DAVIS-MONTHAN AIR FORCE BASE, Ariz. --

Airmen from 920th Rescue Wing honed their rescue skills at Davis-Monthan Air Force Base in the first iteration of Red Flag Rescue in May.

Red Flag-Rescue, replacing Angel Thunder, is a new joint-force training involving a large-scale search and rescue set-up aimed at providing service members realistic combat training in contested, degraded and operationally limited environments.

The 920th Rescue Wing sent several squadrons and multiple aircraft to participate in Red Flag Rescue.
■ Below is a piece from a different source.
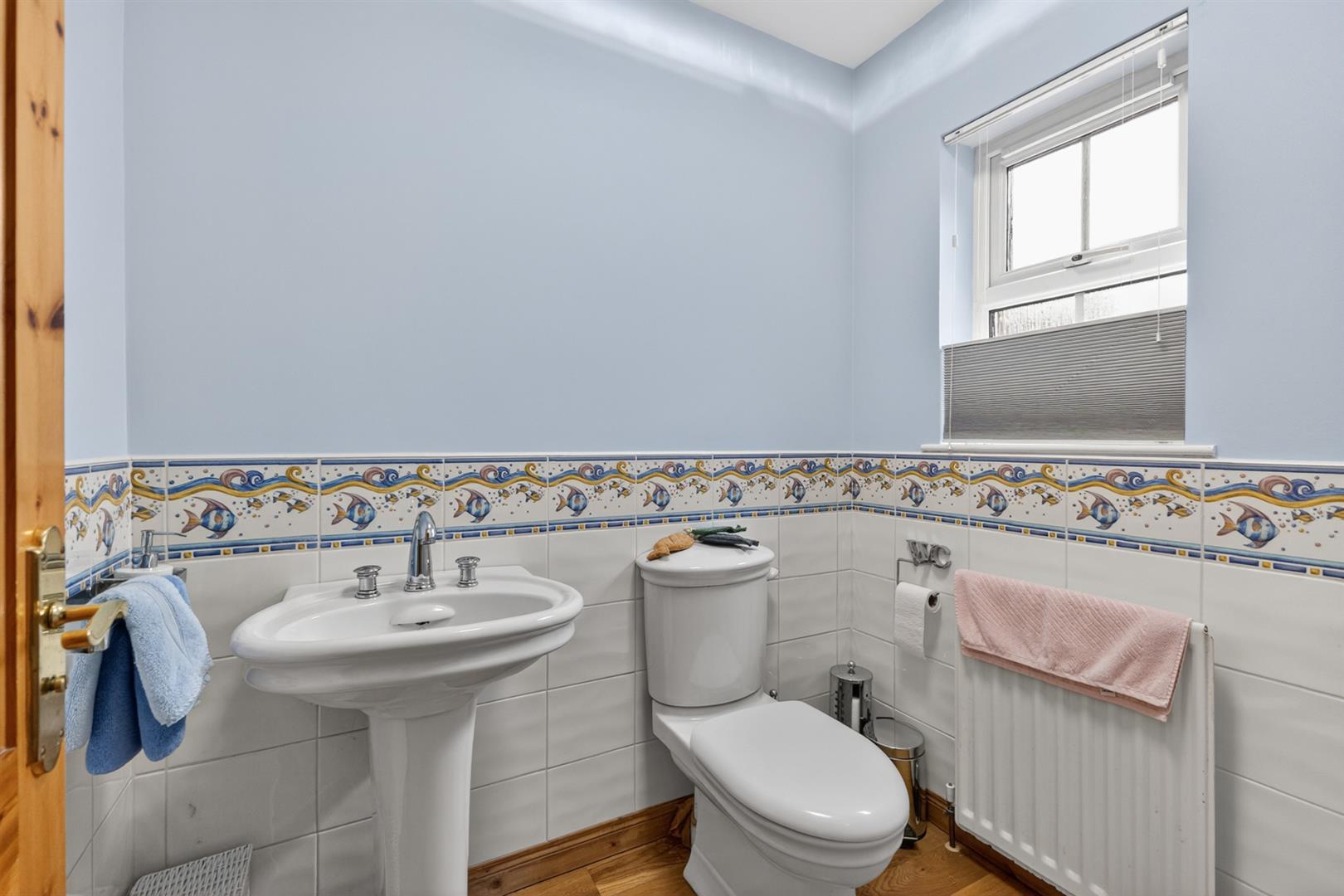 Two piece white suite comprising low flush WC, pedestal wash hand basin, solid oak floor, part tiled walls, internal door to dining/reception hall.
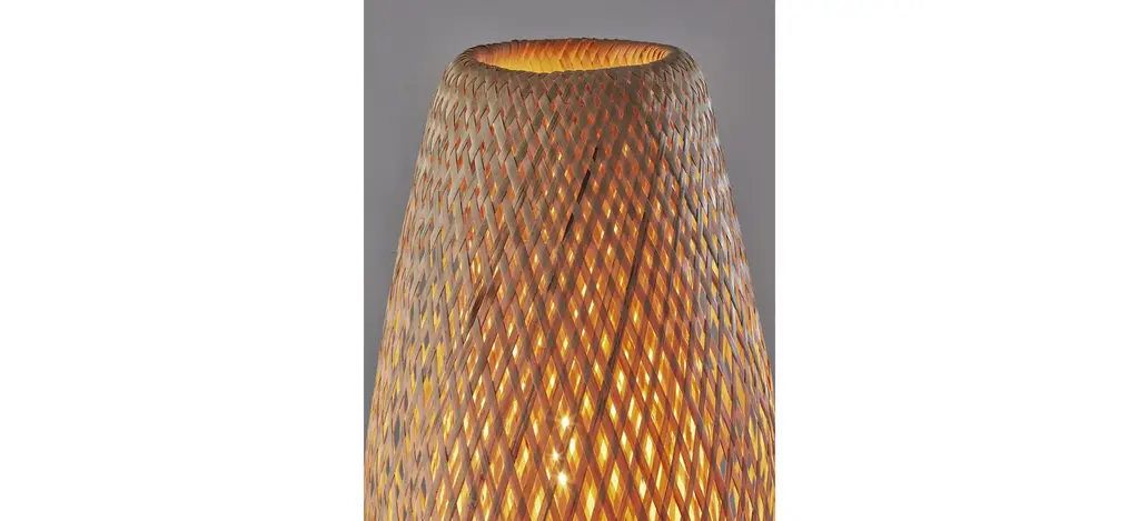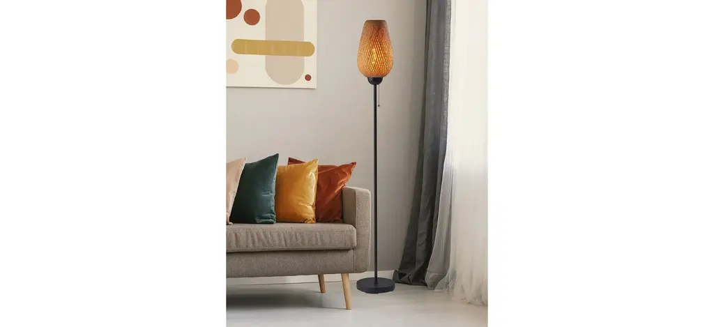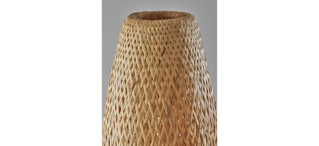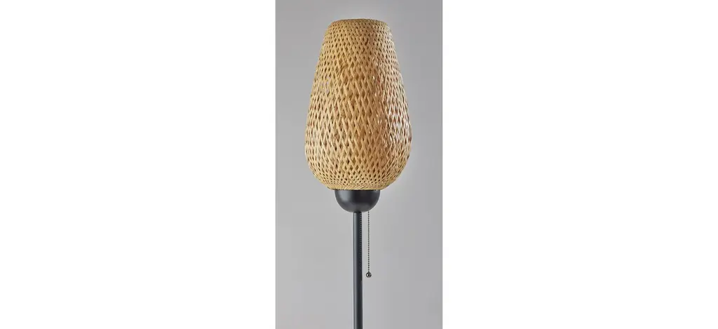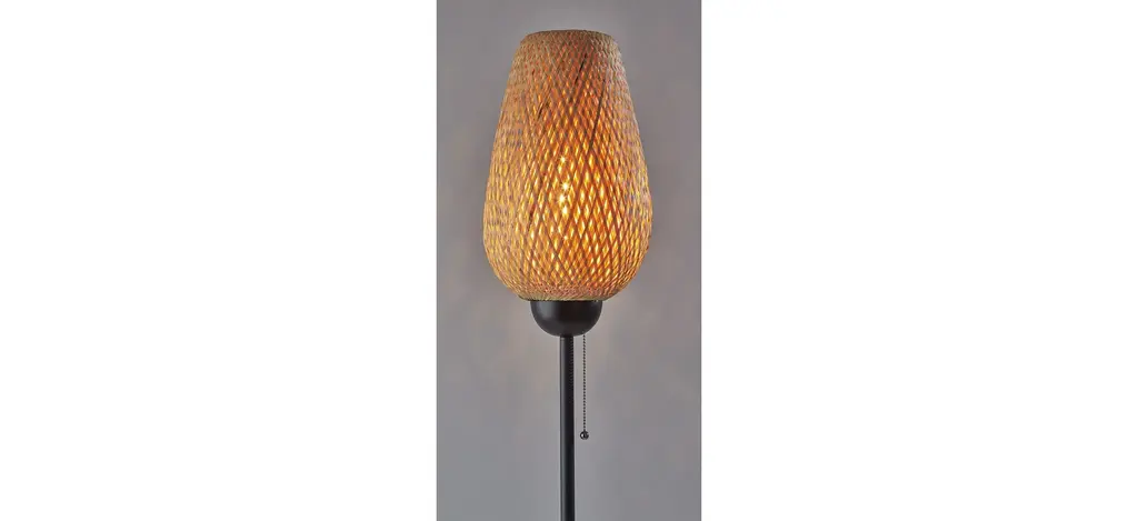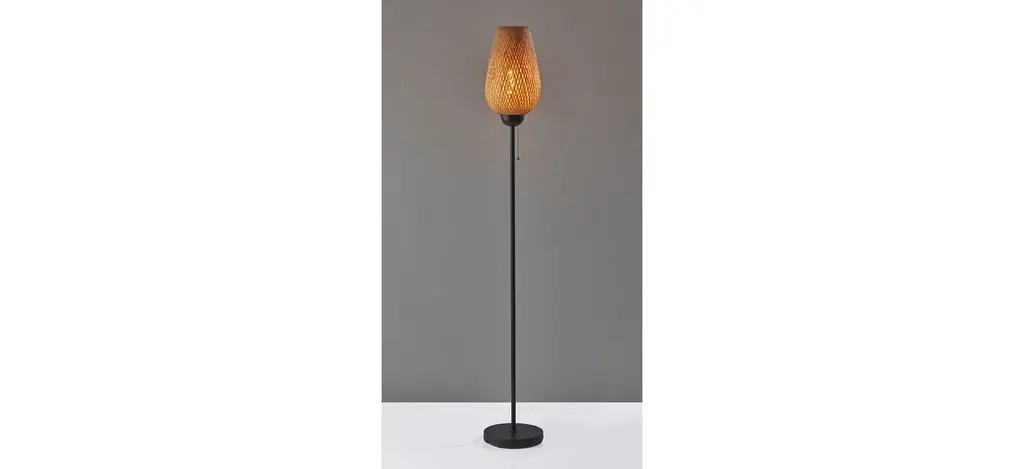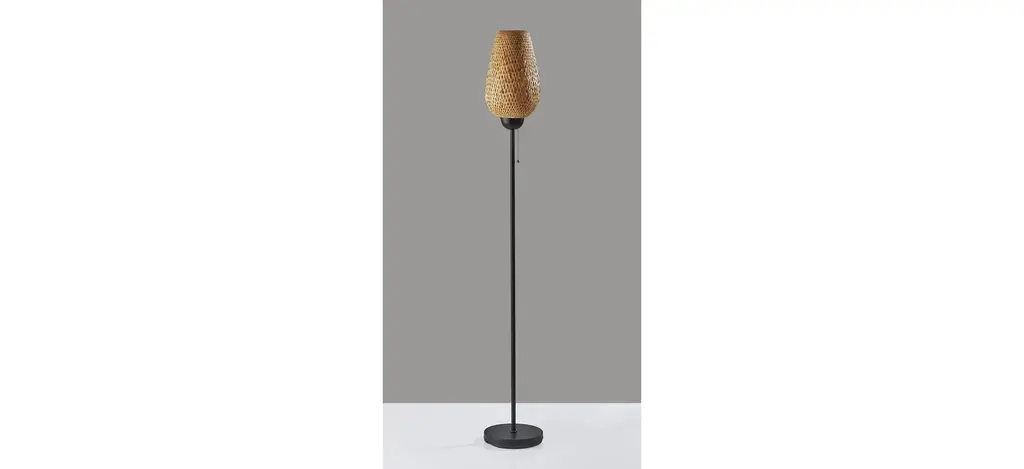 Bring beach-bungalow ambiance and a warm glow to your home with the 68.25" tall Hugo floor lamp. It features a 10" diameter round metal base in black finish supporting the matching tall and narrow tube-shaped stem. With an open-weave natural bamboo tulip-shaped shade distilling the light of a 60W bulb, this lamp creates a relaxed and natural focal point to any room. Operated by a pull chain located on the base of the shade to easily turn it on or off, the floor lamp also features a 6-foot black cord. Complete your space's look with the coordinating Hugo table lantern and pendant lighting.

The 39th Rescue Squadron flew two HC-130P/N King aircraft and served as airborne command and control.

 

Red Flag Rescue provided training for Airmen without combat experience and gave them an opportunity to fly in a near combat environment.

 

“This was a truly educational experience for our younger aircrew; in addition, our experienced aircrew increased their proficiency working with multiple weapon systems in a more challenging setting in this large-scale (training),” said Col. Michael LoForti, 920th Operations Group commander.

 

According to LoForti, Red Flag was originally designed in the 70’s from experiences in Vietnam. Aircrew were lost exponentially higher on the first 10 missions in combat.

 

“Red Flag gets our aircrew experience through those first 10 missions in a safer and more controlled environment before actually seeing combat for the first time,” LoForti said.

 

The mountainous and dry terrain surrounding the rescue preparation afforded aircrew valuable high altitude and low visibility training.

“Doing a large-scale exercise you are part of a much larger flying package including additional aircraft like A-10s, Ospreys, you name it,” LoForti added. “We were able to focus on the personnel recovery mission working with the additional players absent from our day-to-day training.”

 

The 355th Fighter Wing Public Affairs contributed to this story.